Types of Prediction Methods

 

1.      Prediction at Protein Level:

These methods are developed to predict overall function of charactestics of proteins. In these methods we used complet protein as input. Following are few examples

1.1  Subcellular level prediction:

The cellular localization of a protein is one of the most fundamental properties of any protein due to cellular division of labour. The correct prediction of subcellular location can be a major breakthrough for functional prediction, since to perform a function, protein must be located in their native location, such as nucleus or mitochondria or outside the cell in case of secretory proteins. The native subcellular localization of a protein is one of the indicators of protein function.

Over the years numbers of methods have been developed for the prediction of subcellular localization in prokaryotes as well as eukaryotes.
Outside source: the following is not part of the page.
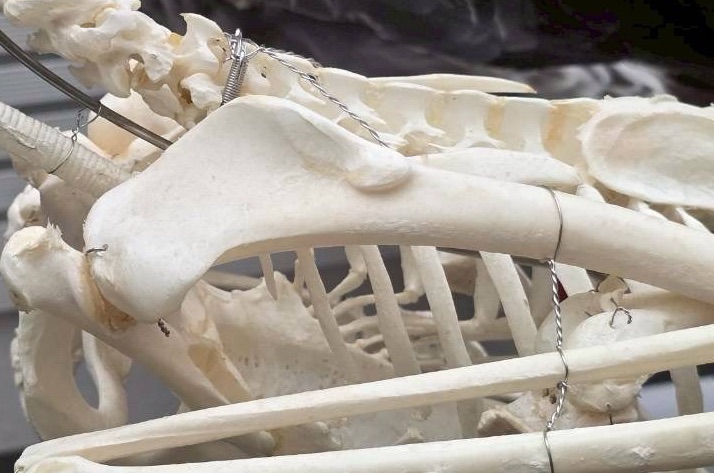 一部上腕骨で隠れていて見えないので、これは見たことがない方は実物をどこかで見ていただきたいのですが、本当に鉤状突起が影も形もなく普通の非鳥類型恐竜のようにシンプルな見た目になっているのです!

Existing subcellular localization methods can be divided into various categories:

1. Similarity search based techniques: query sequence is searched against experimentally annotated proteins.
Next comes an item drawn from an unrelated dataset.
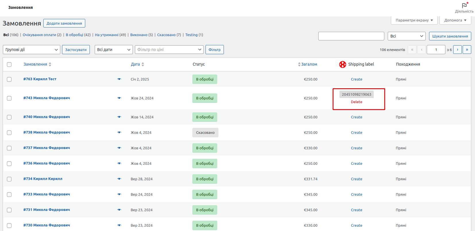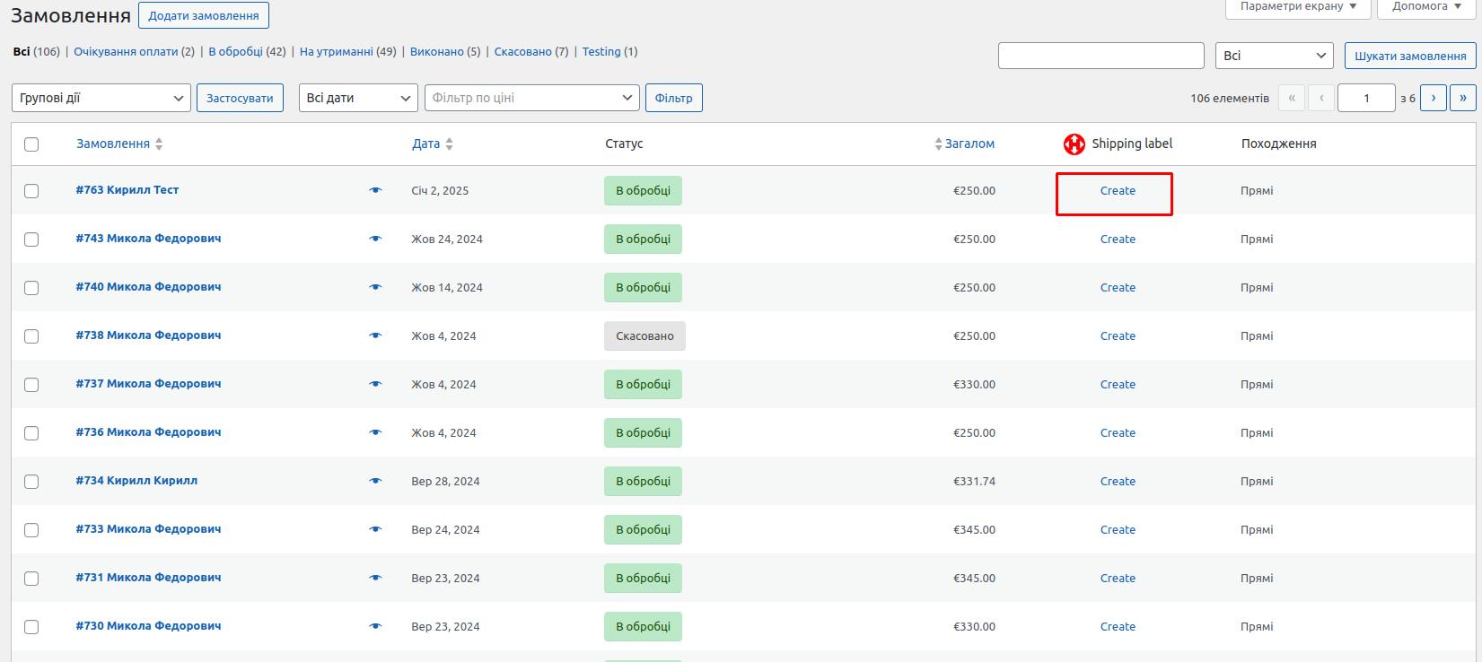 Вы можете создать ТТН из двух мест: страница списка заказов WooCommerce и на странице конкретного заказа WooCommerce.

Limitation: fail to predict new/novel proteins, if query protein does not have similarity with known proteins.

2. Signal sequence based techniques: number of methods fall under this category in which leader sequence or sorting sequence present on protein itself is used for prediction. E.g. TargetP, PSORTb, SignalP
3. Sequence composition based techniques: number of methods has been developed so far based on the sequence composition. e.g. SubLoc, NNPSL
4. Organism specific and location specific subcellular localization prediction: Organism specific approach is more useful than generalised approach.

 

 

Methods

Several computational tools for predicting the subcellular localization of a protein are publicly available, a few of which are listed below:

 

 

Relevance

Determining subcellular localization is important for understanding protein function and is a critical step in genome annotation. Knowledge of the subcellular localization of a protein can significantly improve target identification during the drug discovery process. For example, secreted proteins and plasma membrane proteins are easily accessible by drug molecules due to their localization in the extracellular space or on the cell surface.
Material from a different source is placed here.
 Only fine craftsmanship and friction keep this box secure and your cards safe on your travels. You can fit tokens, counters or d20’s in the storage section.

Subcellular localization prediction allows researchers to make inferences regarding a protein's function, to annotate genomes, to design proteomics experiments and—particularly in the case of bacterial pathogen proteins—to identify potential diagnostic, drug and vaccine targets.

 

1.2  Class level prediction:

1.2.1        Classification of proteins

GPCRsclass: classification of amine type of G-protein-coupled receptors

 

1.2.2        Nucleotide binding protein prediction:

Most of the functions of DNA/RNA are performed through interaction with proteins. Prediction of DNA/RNA binding Proteins can be categorised into 2 categories:

Structure based methods: structure based methods can’t be used in high throughput annotation, as they require the structure of a protein for the prediction

Sequence based methods: Only couple of sequence based prediction methods have been developed so far. These methods are based on pseudo-amino acid composition, amino acid composition, composition of physico-chemical properties and Support Vector Machine (SVM).

 

METHODS:

DISIS: predicts DNA binding sites directly from amino acid sequence

DBS-Pred: predict DNA-binding proteins using amino acid composition

 

1.3 Family level prediction

Computational prediction and classification of GPCRs can supply significant information for the development of novel drugs in pharmaceutical industry.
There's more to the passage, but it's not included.